_Records for this exercise_:

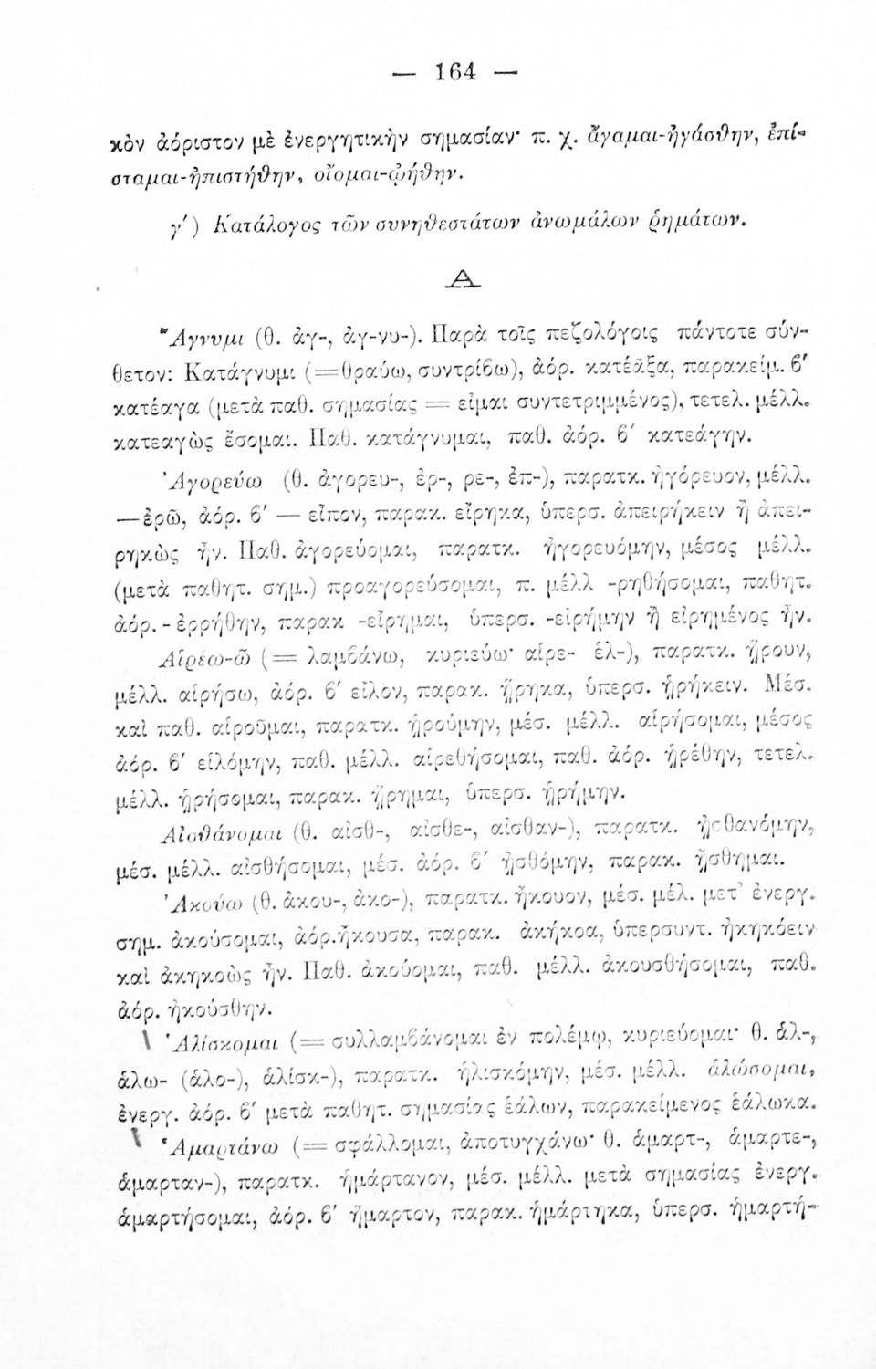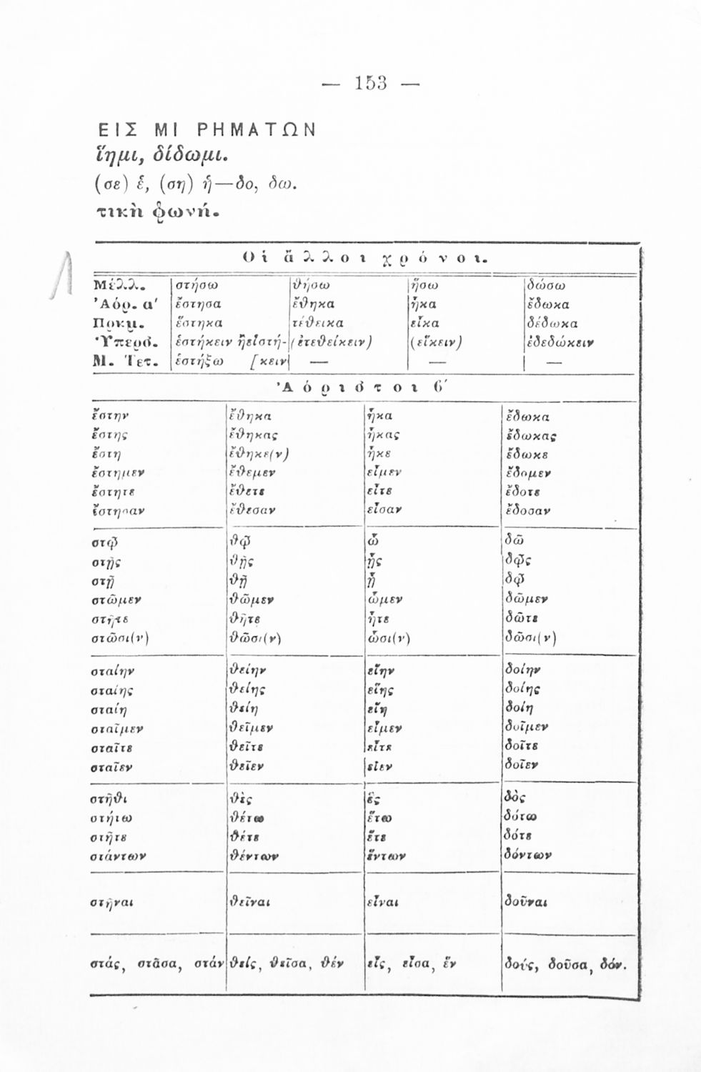 Μαθητικό βοήθημα Αρχαίων Ελληνικών για τα Ελληνικά Σχολεία, Παρθεναγωγεία και Γυμνάσια που περιλαμβάνει γραμματική της αρχαίας ελληνικής και κατάλογο ανωμάλων ρημάτων.
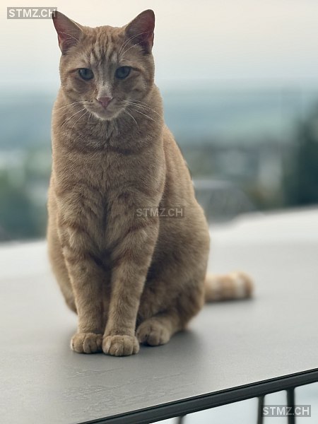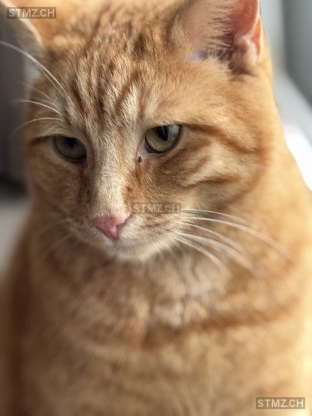 M-förmiges Muster auf der Stirn; grün-goldene Augen; grosse kräftige Statur, dichtes Fell; auffällig schöne rosa Nase mit kleinen braunen Punkten und hellem Bereich um die Schnauze; sehr verschmust, menschenbezogen, immer auf Futtersuche; Freigänger, sonst nur wenige Stunden weg. WICHTIG: herzkrank und braucht 2× täglich dringend Medikamente
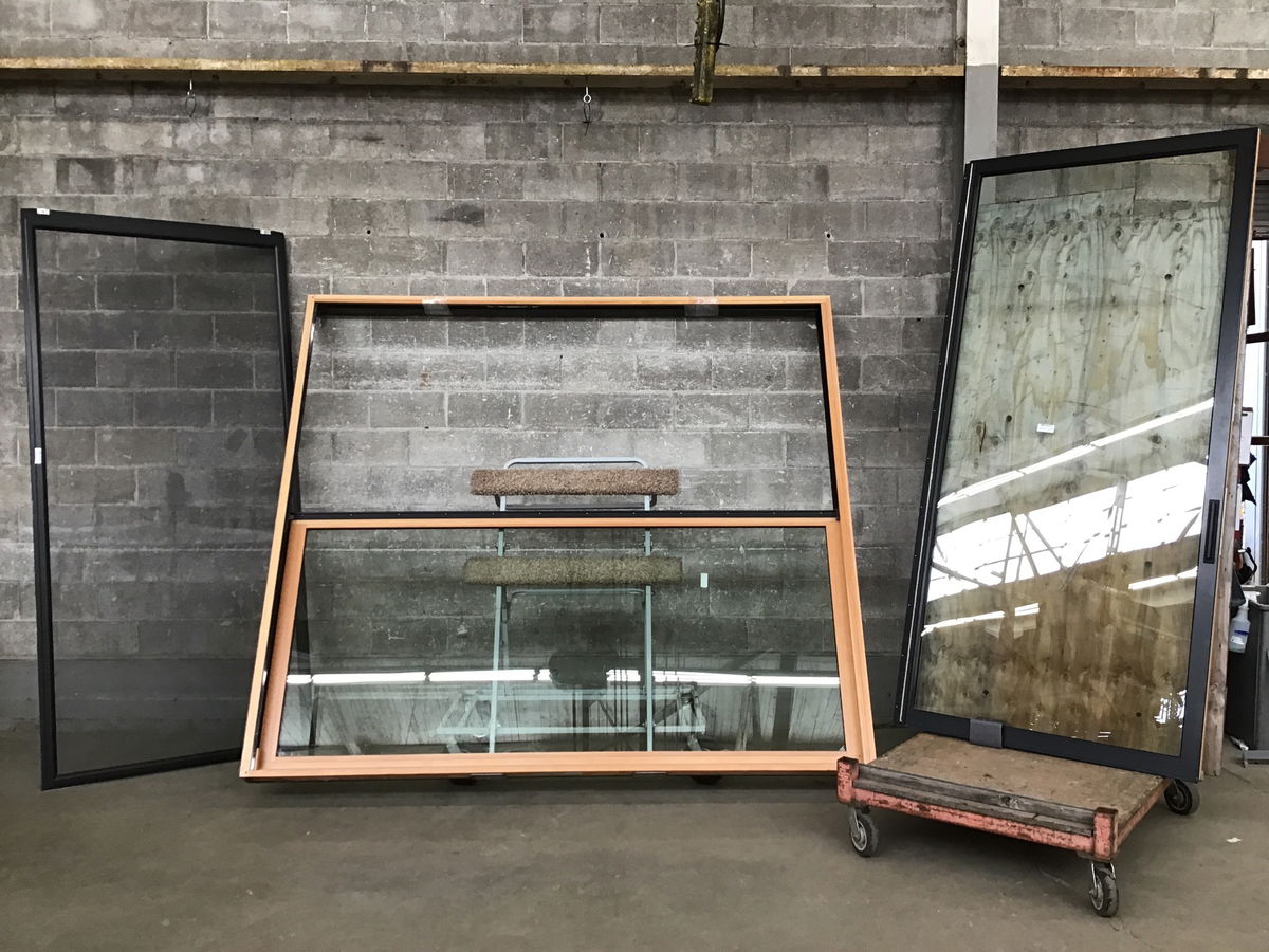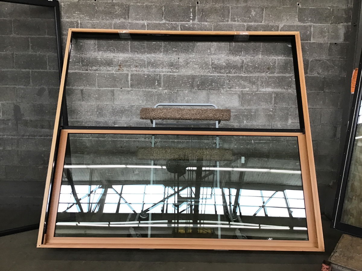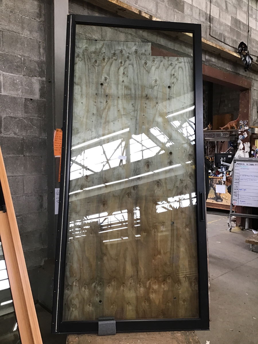 This extremely large black aluminum clad fir slider door with unfinished clear fir interior was a showroom display door. It's never seen weather. Height listed is for the frame. The window that came in with it and is same height (and probably made it same time) is ca. 2019.
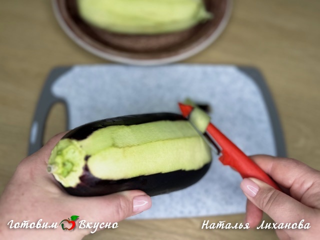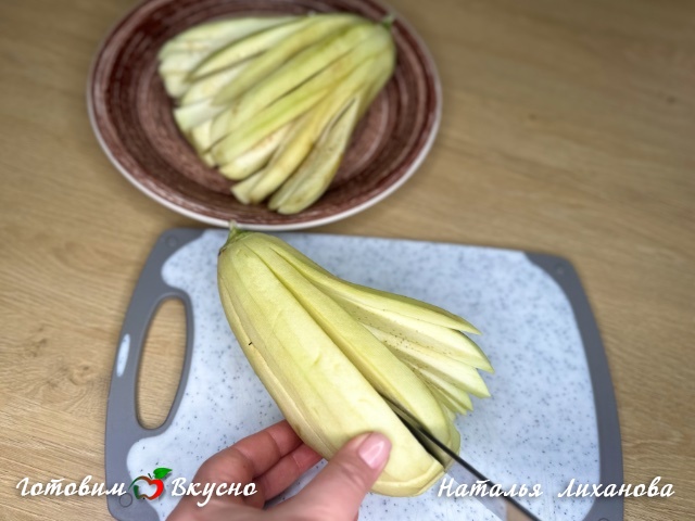 Хвостик, как я уже говорила, мы не трогаем, благодаря ему баклажан остается целостной конструкцией.
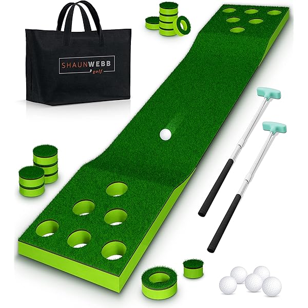 Amazon Com Shaun Webb Golf Putting Green Indoor Mat Have Fun And Impress Your Friends Play Anywhrere With This Putting Pong Game Basement Backyard Tailgate Beach Office Mini Golf 1 6 X 9 8
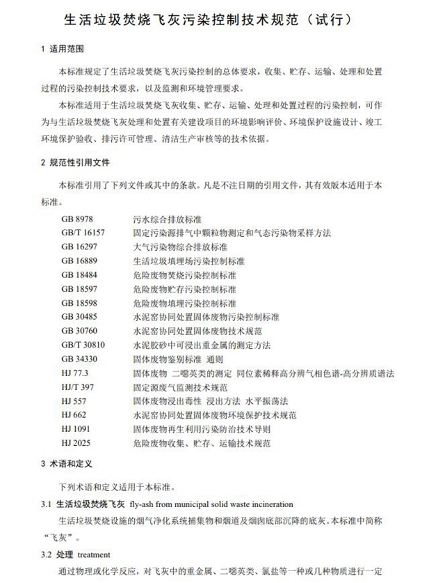 近日,生態(tài)環(huán)境部發(fā)布《生活垃圾焚燒飛灰污染控制技術(shù)規(guī)范(試行)》,其中規(guī)范和指導(dǎo)生活垃圾焚燒飛灰的環(huán)境管理,本標(biāo)準(zhǔn)規(guī)定了生活垃圾焚燒飛灰收集、貯存、運輸、處理和處置過程的污染控制技術(shù)要求。
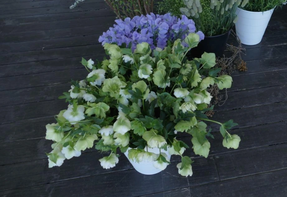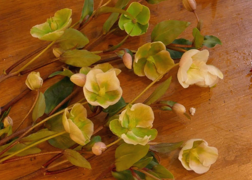 섬세한 생김에 단단한 꽃의 얼굴도 좋지만 내가 헬레보러스를 좋아하는 이유 중 또 하나는 유연한 가지에 있다. 통통한 헬레보러스의 가지는 나무처럼 단단해 보이지만 어떻게 휘어도 쉽게 부러지지 않을만큼 유연하다. 꽃다발을 만들다보면 가지가 약한 꽃들은 한 두송이 쯤 꺽이기 마련인데 헬레보러스는 다소 거칠게 다루어도 꺽이거나 상처가 나지 않는다. 물에 넣지 않고 몇시간 있어도 쉽게 시들지 않는다. 거친 계절을 제철로 둔 꽃답다.
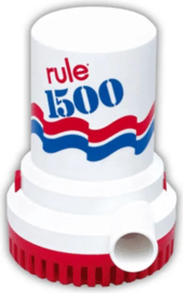 RULE 1500 GPH NON AUTOMATIC BILGE PUMP 02Rule 1500High pumping capacity and reliability at a lower cost. The Rule 1500 offers more pumping capacity and more exclusive design features than any comparable competitive pump. 1-1/8 (28.6mm) discharge outlet. 12 Volts DC unless noted.Features:Fully SubmersibleEasy clean snap lock strainerSilent and vibrationless operationAnti-airlock protetionCompact, efficient long life motorIgnition protectedNo burn-out when run dryRust and corrosion protectionUsed by leading boatbuilders worldwideMarine grade blocked wiring
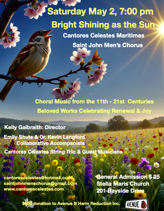 You won't want to miss our spring concert 'Bright Shining as the Sun' on Saturday May 2, 7 pm at Stella Maris Church in Saint John. This stunning program of gorgeous choral music will be performed by the combined 53-voices of the Saint John Men's Chorus and the auditioned women's choir Cantores Celestes Maritimes, both led by Artistic Director, Kelly Galbraith. These highly trained choristers will sing music from all eras that will captivate and inspire. They will be joined by the Cantores Celestes String Trio, timpanist Ian Gibson, clarinetists David Dow & David Sooley, and our fabulous collaborative accompanists, Emily Shute and Dr. Kevin Langford.
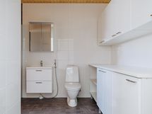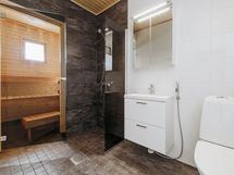 Sauna, kylpyhuone, suihku, peilikaappi, allaskaappi, pesukoneliitäntä, lattialämmitys, kiinteät valaisimet.
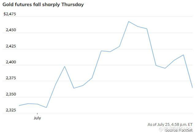 在这种背景下,8月交割的黄金价格在Comex下跌了62.20美元,或2.6%,收于每盎司2353.50美元,最低交易价为2351.90美元。这是自7月3日以来的最低盘中水平。此前黄金连续两日上涨,并在7月17日创下了2488.40美元的新盘中历史高点。
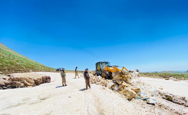 Şırnak’ın Uludere ilçesine bağlı Hilal beldesi yayla yollarında kar temizleme çalışmaları sürüyor.

_What you should do_: Any picture in the material is to be dropped; the rest is repeated exactly.

_Task response_:
 Μαθητικό βοήθημα Αρχαίων Ελληνικών για τα Ελληνικά Σχολεία, Παρθεναγωγεία και Γυμνάσια που περιλαμβάνει γραμματική της αρχαίας ελληνικής και κατάλογο ανωμάλων ρημάτων.
 M-förmiges Muster auf der Stirn; grün-goldene Augen; grosse kräftige Statur, dichtes Fell; auffällig schöne rosa Nase mit kleinen braunen Punkten und hellem Bereich um die Schnauze; sehr verschmust, menschenbezogen, immer auf Futtersuche; Freigänger, sonst nur wenige Stunden weg. WICHTIG: herzkrank und braucht 2× täglich dringend Medikamente
 This extremely large black aluminum clad fir slider door with unfinished clear fir interior was a showroom display door. It's never seen weather. Height listed is for the frame. The window that came in with it and is same height (and probably made it same time) is ca. 2019.
 Хвостик, как я уже говорила, мы не трогаем, благодаря ему баклажан остается целостной конструкцией.
 Amazon Com Shaun Webb Golf Putting Green Indoor Mat Have Fun And Impress Your Friends Play Anywhrere With This Putting Pong Game Basement Backyard Tailgate Beach Office Mini Golf 1 6 X 9 8
 近日,生態(tài)環(huán)境部發(fā)布《生活垃圾焚燒飛灰污染控制技術(shù)規(guī)范(試行)》,其中規(guī)范和指導(dǎo)生活垃圾焚燒飛灰的環(huán)境管理,本標(biāo)準(zhǔn)規(guī)定了生活垃圾焚燒飛灰收集、貯存、運輸、處理和處置過程的污染控制技術(shù)要求。
 섬세한 생김에 단단한 꽃의 얼굴도 좋지만 내가 헬레보러스를 좋아하는 이유 중 또 하나는 유연한 가지에 있다. 통통한 헬레보러스의 가지는 나무처럼 단단해 보이지만 어떻게 휘어도 쉽게 부러지지 않을만큼 유연하다. 꽃다발을 만들다보면 가지가 약한 꽃들은 한 두송이 쯤 꺽이기 마련인데 헬레보러스는 다소 거칠게 다루어도 꺽이거나 상처가 나지 않는다. 물에 넣지 않고 몇시간 있어도 쉽게 시들지 않는다. 거친 계절을 제철로 둔 꽃답다.
 RULE 1500 GPH NON AUTOMATIC BILGE PUMP 02Rule 1500High pumping capacity and reliability at a lower cost. The Rule 1500 offers more pumping capacity and more exclusive design features than any comparable competitive pump. 1-1/8 (28.6mm) discharge outlet. 12 Volts DC unless noted.Features:Fully SubmersibleEasy clean snap lock strainerSilent and vibrationless operationAnti-airlock protetionCompact, efficient long life motorIgnition protectedNo burn-out when run dryRust and corrosion protectionUsed by leading boatbuilders worldwideMarine grade blocked wiring
 You won't want to miss our spring concert 'Bright Shining as the Sun' on Saturday May 2, 7 pm at Stella Maris Church in Saint John. This stunning program of gorgeous choral music will be performed by the combined 53-voices of the Saint John Men's Chorus and the auditioned women's choir Cantores Celestes Maritimes, both led by Artistic Director, Kelly Galbraith. These highly trained choristers will sing music from all eras that will captivate and inspire. They will be joined by the Cantores Celestes String Trio, timpanist Ian Gibson, clarinetists David Dow & David Sooley, and our fabulous collaborative accompanists, Emily Shute and Dr. Kevin Langford.
 Sauna, kylpyhuone, suihku, peilikaappi, allaskaappi, pesukoneliitäntä, lattialämmitys, kiinteät valaisimet.
 在这种背景下,8月交割的黄金价格在Comex下跌了62.20美元,或2.6%,收于每盎司2353.50美元,最低交易价为2351.90美元。这是自7月3日以来的最低盘中水平。此前黄金连续两日上涨,并在7月17日创下了2488.40美元的新盘中历史高点。
 Şırnak’ın Uludere ilçesine bağlı Hilal beldesi yayla yollarında kar temizleme çalışmaları sürüyor.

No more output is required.